Decision boundaries and convex hulls in the feature space that deep learning functions learn from images
This work addresses a fundamental gap in understanding how deep learning models process images, which is crucial for researchers and practitioners in AI and computer vision, though it is incremental in building theoretical foundations.
The paper tackles the problem of understanding the low-dimensional feature space learned by deep neural networks for image classification, developing methods to study decision boundaries and convex hulls in that space, and finds that geometric arrangements differ significantly from pixel space, providing insights into adversarial vulnerabilities and model interpretation.
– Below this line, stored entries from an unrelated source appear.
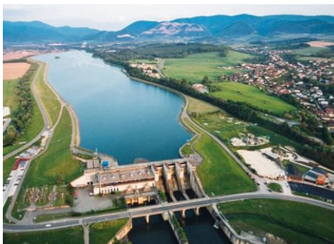
Vodné dielo Žilina je najmladšia priehrada na Váhu.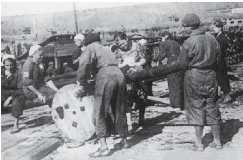
Заготовка дров во время войны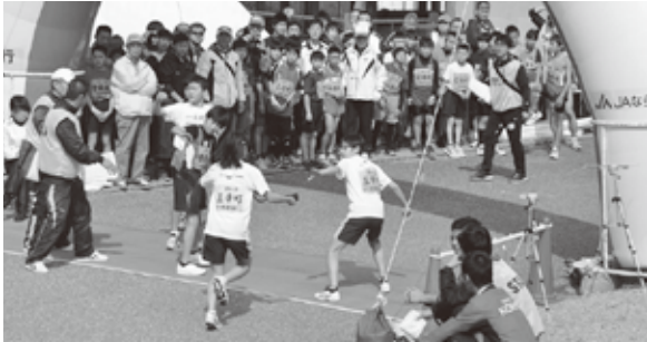
▲気持ちをこめてタスキをつなぐ!

当日、選手たちは多くの方からの声援を受け、全力を出し切り、町の部で1位(10年連続入賞)、総合で6位になりました。応援して下さった皆様、ありがとうございました。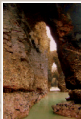
Praia Catedrais. Barreiro (Lugo)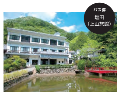
バス停 塩田 (上山旅館)

●入館料:無料 ●休園日:10月26日(火)、11月2日(火) ●問い合わせ:☎079-298-5571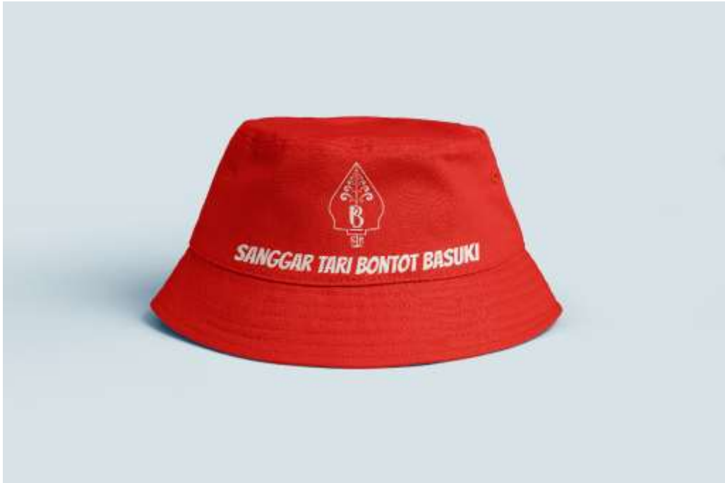
Gambar 5. 10 Topi Sanggar Tari Bontot Basuki Sumber. Data diolah penulis 2023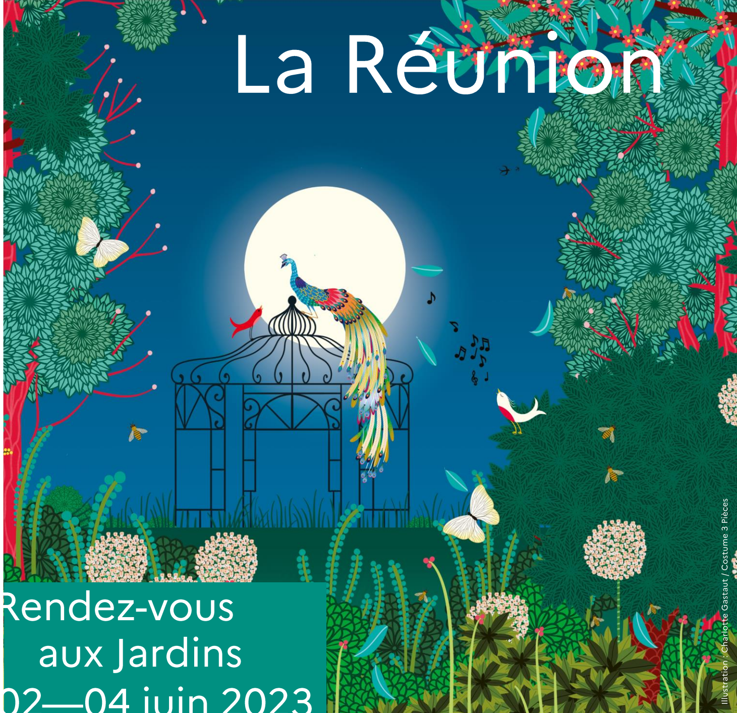
Illustration : Charlotte Gastaut / Costume 3 Pièces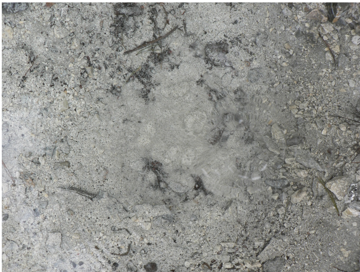
Photo 289 Une source affleurante non captée à Archan Cliché L. Touchart, août 2005

Il en va tout autrement d'Archan 74 (Bulgatov, 1959, Botoroev et Minkoev, 1980, Botoroev, 2002), où les sources sacrées de guérison sont si importantes que le nom commun est devenu le toponyme. A la suite de l'expédition scientifique de 1894, la revue de l'Université de Tomsk publia en 1896 un tout premier article décrivant les sources et estimant leur débit. Deux d'entre elles étaient captées par des cylindres de bois rudimentaires, pour la consommation locale. La composition de l'eau fut précisée en 1909 par les travaux du géologue Alexandre Lvov, financés par la Société de Géographie. On sait que les eaux d'Archan sont froides pour certaines d'entre elles et thermales pour d'autres, la gamme des températures allant de 11° à 45°C. Il s'agit d'eaux fortement gazeuses, dont la minéralisation varie entre 2,4 à 5,5 g/l.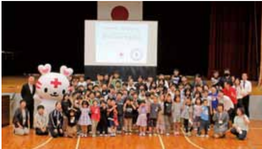
写真は本文と関係ありません

みんなから教えてもらったことで、わたしも、友だちや下の学年の友だちにもやさしくしたいなと思いました。みんなからもらったパワーを、わたしもやさしさでおかえしできたらいいなと思います。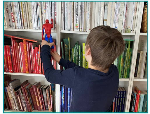
Spiderman hjelper til i bokvalget!

Aktiviteter: Bruk hjemmeskolebiblioteket for å skape leselest og som en støtte i arbeidet med oppgavene som kommer fra skolen. Fritidslesing og egen utforskning hører naturlig med. Alt dere kan og er interessert i selv kan være viktige ressurser. Hjemmeskolebibliotekets kunnskapsbase må av og til utvides med telefon-/videosamtaler med besteforeldre eller andre venner. Når bibliotekene åpner igjen kan hjemmeskolebiblioteket suppleres med lånebøker.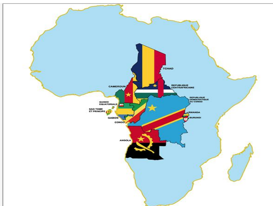
Ilustração 1 - Demarcação da África Central. (UNOCA, 2022).

O presente capítulo foi concebido com objetivo de procedermos ao enquadramento teórico do tema em estudo, tendo em atenção os conflitos da AC e a CEEAC.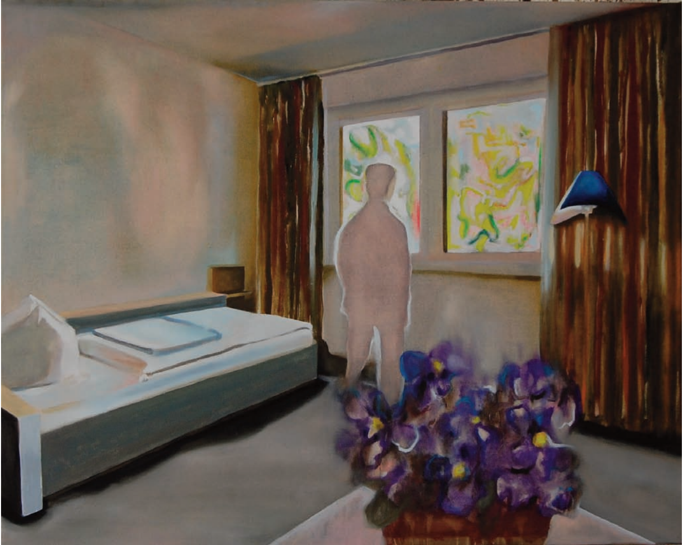
„Das Usambaraveilchen“ 2010, 80 x 100 cm, Öl und Acryl auf Leinwand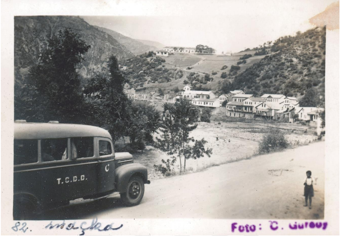
Karadeniz Sahili ile Kara Anadolu'sunun İpek Yolu üzerindeki tarihi buluşma noktası, Maçka 1930'lar (üstte)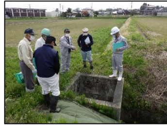
一斉点検による危険箇所の確認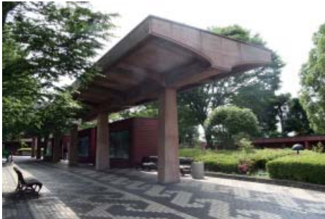
プロムナードの柱の数本に亀裂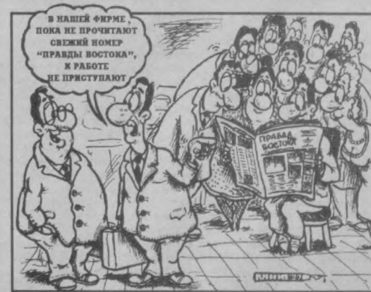
В НАШЕЙ ФИРМЕ ПОКА НЕ ПРОЧЕТАЮТ СВЕЖИЙ НОМЕР "ПРАВДЫ ВОСТОКА", К РАБОТЕ НЕ ПРИСТУПАЮТ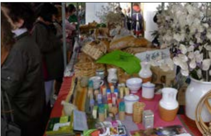
Herriko produktuekin ere postu bikaina jarri zuen Mandiok.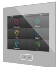
Pantalla táctil ZENIO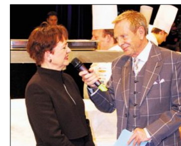
Bundeskanslerin Corina Casanova, welche die Grüsse des Bundesrats überbrachte, mit Kurt Aeschbacher.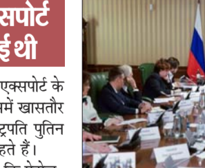
रूस के उप प्रधानमंत्री अलेक्जेंडर नोवाक ने शुक्रवार को देश में पेट्रोल और दूसरे तेल उत्पादों की उपलब्धता और कीमतों की स्थिति की समीक्षा की।

मॉस्को में शुक्रवार को पेट्रोल एक्सपोर्ट के बैन को लेकर बैठक हुई थी। इसमें खासतौर पर यह जोर दिया गया कि राष्ट्रपति पुतिन ईंधन कीमतें नियंत्रित रखना चाहते हैं। मंत्री नोवाक ने बैठक में कहा कि पेट्रोल-डीजल का पर्याप्त स्टॉक है और रिफाइनरियां पूरी क्षमता से काम कर रही हैं। तेल कंपनियों ने कहा कि पेट्रोल-डीजल का पर्याप्त स्टॉक है और रिफाइनरियां पूरी क्षमता से काम कर रही हैं। एक्सपर्ट्स का मानना है कि भारत सीधेतौर पर रोक लगा सकता है। उन्होंने यह भी बताया कि रूस का यूरेलस तेल और दूसरे तेल उत्पाद इन दिनों ब्रेट क्रूड के बराबर या उससे भी महंगे दाम पर बिक रहे हैं।

The success of deep neural networks in image classification and learning can be partly attributed to the features they extract from images. It is often speculated about the properties of a low-dimensional manifold that models extract and learn from images. However, there is not sufficient understanding about this low-dimensional space based on theory or empirical evidence. For image classification models, their last hidden layer is the one where images of each class is separated from other classes and it also has the least number of features. Here, we develop methods and formulations to study that feature space for any model. We study the partitioning of the domain in feature space, identify regions guaranteed to have certain classifications, and investigate its implications for the pixel space. We observe that geometric arrangements of decision boundaries in feature space is significantly different compared to pixel space, providing insights about adversarial vulnerabilities, image morphing, extrapolation, ambiguity in classification, and the mathematical understanding of image classification models.